Como consequência, os pequenos, sem viverem privações, frustrações e, muitas vezes, castrações, seguem firmes como ditadores da nova geração. Crianças e adolescentes cada vez mais mimados e egoístas por falta da presença de pais e mães em suas funções de autoridade simbólica. Os avós, que sempre tiveram importância na transmissão geracional familiar, perdem a cada dia essa função. Eles apenas sussurram baixinho com medo de serem repreendidos pelos filhos doutores: “meus filhos não conseguem ser pais”. No mais, para sobreviver como avós, seguem também mimando os netos sem questionar os ditames do novo mundo. Só lhes resta dar o bem. Não há espaço para uma palavra necessária quando o excesso se mostra. Avós sem voz na participação tão importante da transmissão dos valores para os netos. Perderam para a ciência, que a cada dia vem ocupando o lugar de referência nos jovens pais. A medicina exercendo cada vez mais seu poder através dos diagnósticos e pesquisas científicas sofisticadas sobre as novas patologias. É só observar o volume de farmácias e de medicamentos em escala estratosférica para tratar as “novas doenças”. Das falhas próprias do humano, sempre surge uma nova medicação para remediar esse pequeno ser, voltando à sua perfeição esperada e idealizada. A lista não para de crescer: alergias de toda ordem a inúmeros alimentos, TDAH, Transtornos Mentais de Desenvolvimento e por aí afora…

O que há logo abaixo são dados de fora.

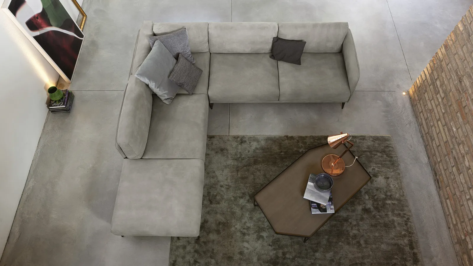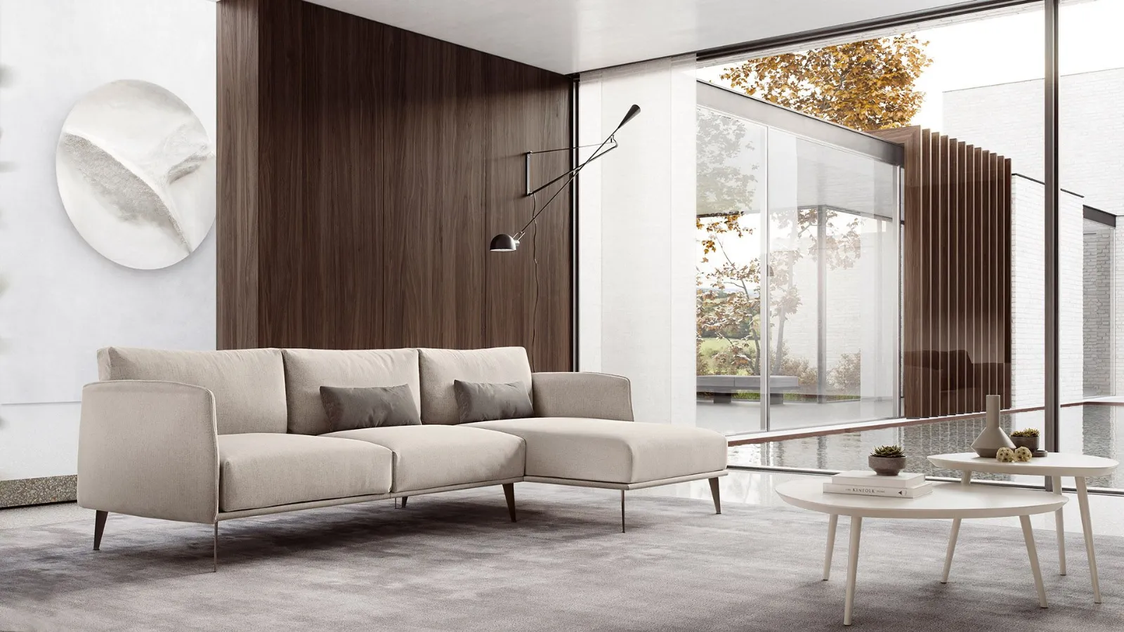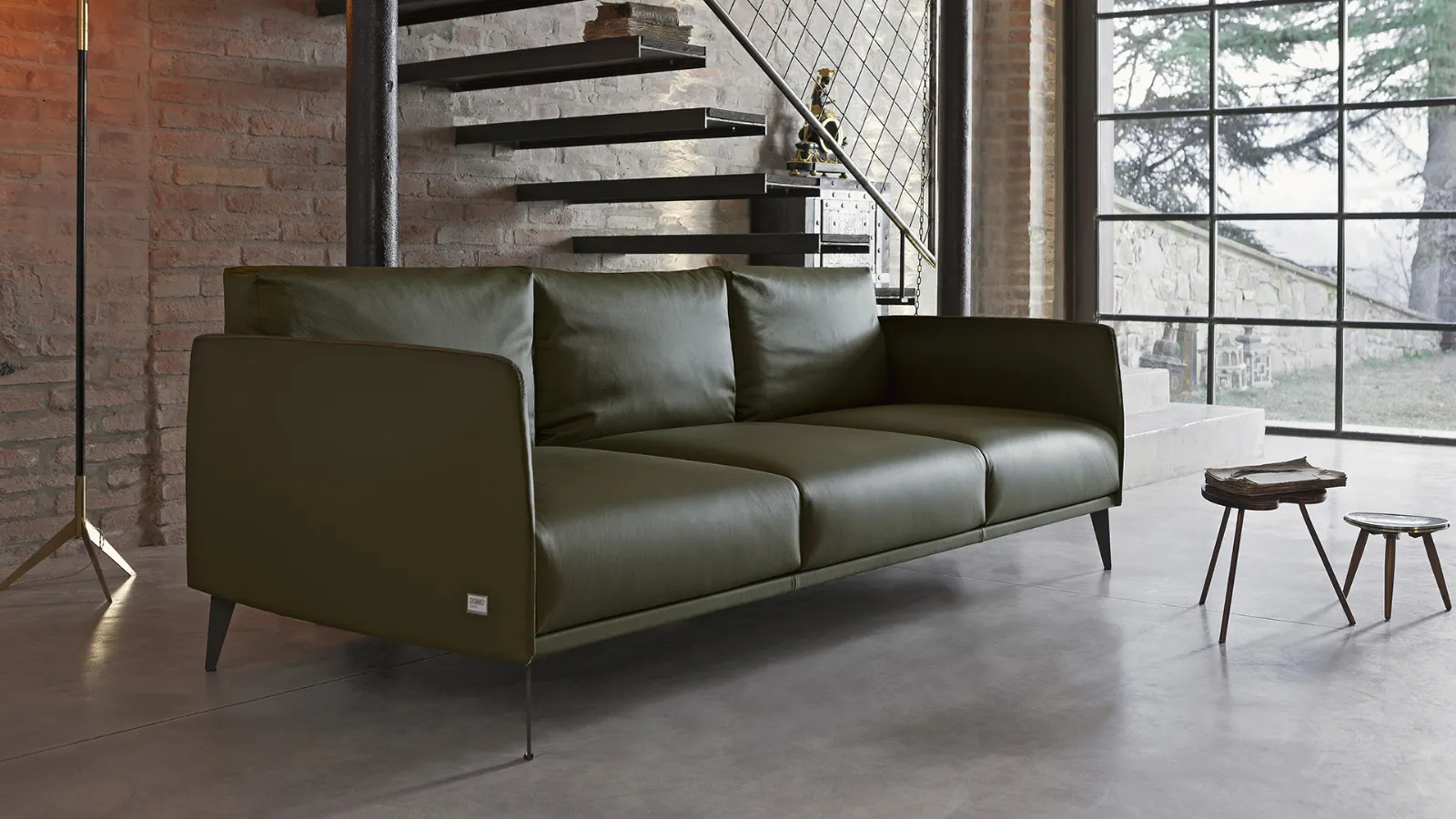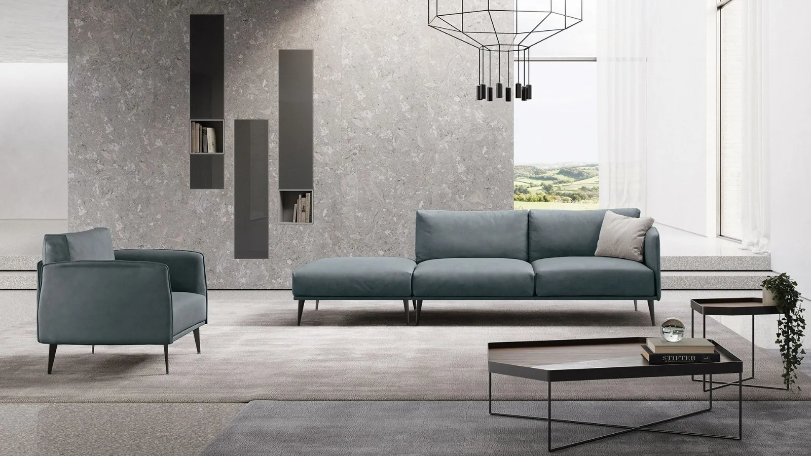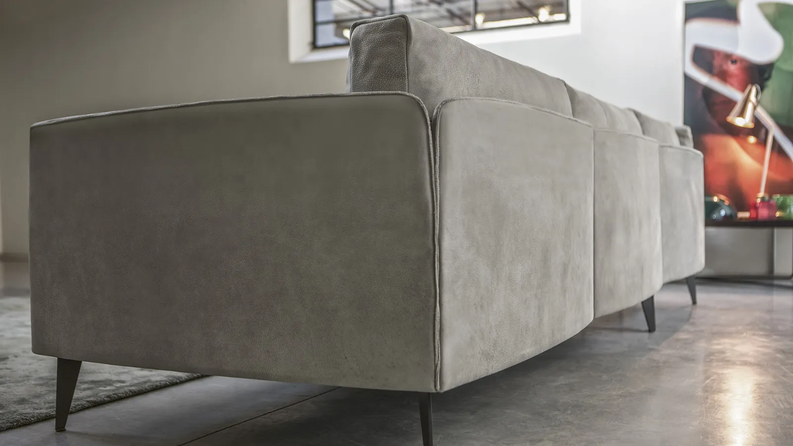 I piedi in acciaio, dalla forma affusolata e la base sollevata da terra alleggeriscono le forme del divano. I cuscini hanno uno stile contemporaneo e le imbottiture di seduta in poliuretano insieme allo schienale in misto piuma, garantiscono un sostegno ideale.
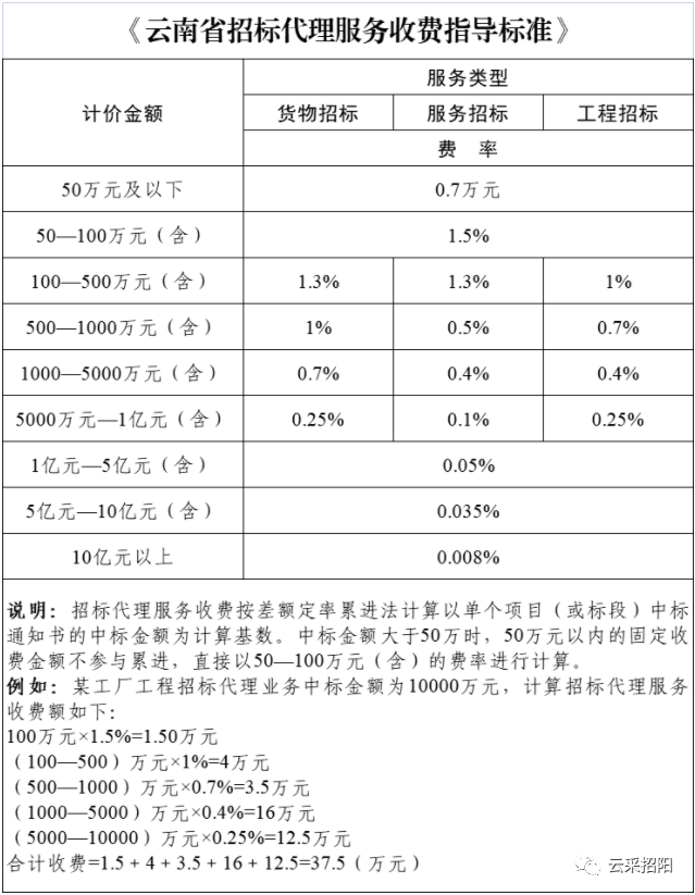 云南省招協(xié)于11月28日發(fā)布了《云南省建設(shè)工程招標(biāo)代理服務(wù)收費指導(dǎo)意見》的意見征求稿,云采招陽將征求意見稿的代理服務(wù)費計算部分與國家計委印發(fā)的《招標(biāo)代理服務(wù)收費管理暫行辦法》(計價格[2002]1980號)進(jìn)行了簡單對比,現(xiàn)正式印發(fā)后相關(guān)結(jié)論部分仍未變動,具體如下:

Eis que, de repente, o real eclode com força, através de um vírus poderoso que vem abalar toda a engrenagem posta no mundo. O que advém daí? Pais e filhos isolados dentro de casa, num encontro inusitado e inesperado. Pais que vão se deparar em breve com as dificuldades de seus filhos em viver privações, mas agora sem a alternativa de terceirizar os limites. Seus filhos serão obrigados, pela contingência da epidemia, a se submeterem, tanto pela sua sobrevivência, quanto de terceiros próximos, especialmente seus avós. Freud disse em seu magistral texto “ O Mal-Estar na Civilização” que para construirmos a civilização é necessária a renúncia parcial da satisfação pulsional. Será que o novo Coronavírus pode provocar, pelo encontro real dos pais com os filhos em seus espaços privados, a colocação dos limites, da Lei do interdito tão necessária ao pacto civilizatório? Afinal, depois de dias e meses juntos no privado de suas casas, será que os pais poderão ver, pela vivência real, a queda dos véus da projeção de seus ideais nos filhos? Mas que ideais? Não seria o de ter filhos sem falhas, os bem sucedidos? Ver as falhas no filho não será justamente a ruptura da alienação ditada pelo imperativo do Mercado que imprime a lógica do objeto mercadoria de sucesso? Não será por isso que assistimos à renúncia de toda uma geração de pais em autorizar-se a colocar limites, a exercer a função de Lei simbólica para os filhos? Portanto, será que essa pandemia poderá trazer alguma mudança nas relações entre pais e filhos pelo corte real da engrenagem, posta até então no mundo? São questões que só o tempo poderá responder sobre os efeitos dessa experiência inédita que fez a terra parar.